# The data
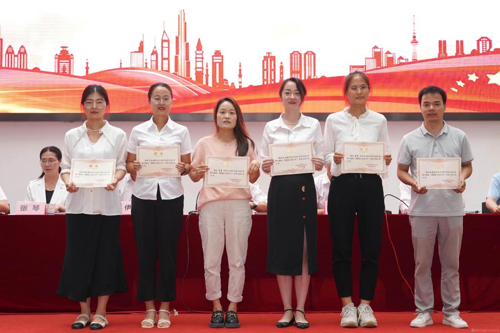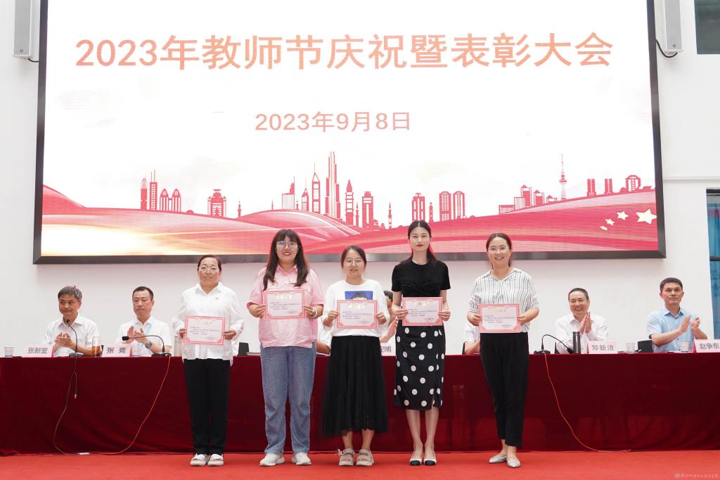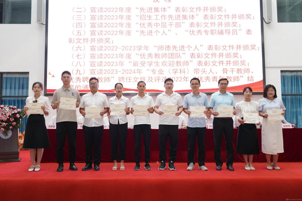 党委委员、副院长张克宣读2023年度“优秀教学团队”,2023年“最受学生欢迎的教师”表彰文件;宣读2023-2024年“专业(学科)带头人”“骨干教师”“优秀聘任教师”及评选2022年“优秀青年教师”结果的通知并颁奖。
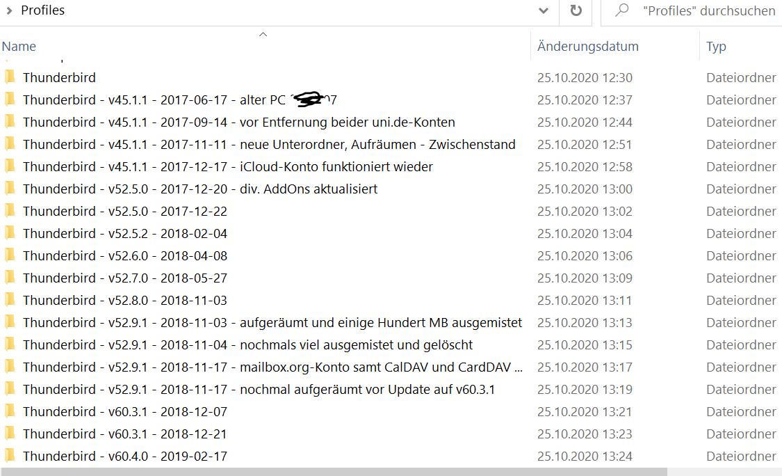 Mit meinen Backups des Laptops und der NAS will ich das dann noch sichern.
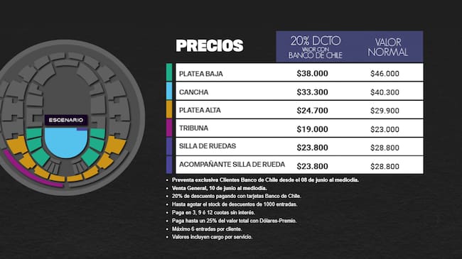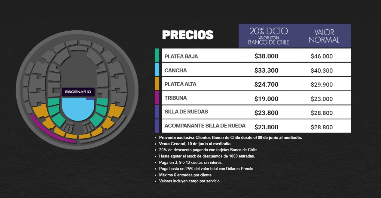Las entradas estarán a la venta a través del sistema Punto Ticket y se pondrán a la venta a partir de este 8 de junio a las 12:00 horas. Eso sí, eso será una preventa exclusiva para clientes del Banco de Chile.

# Problem to solve
From the line that contains "Mit meinen Backups" through the last line of the listing, copy each line exactly; both end lines stay in, and pictures stay out.

# Solution below
 Mit meinen Backups des Laptops und der NAS will ich das dann noch sichern.
Las entradas estarán a la venta a través del sistema Punto Ticket y se pondrán a la venta a partir de este 8 de junio a las 12:00 horas. Eso sí, eso será una preventa exclusiva para clientes del Banco de Chile.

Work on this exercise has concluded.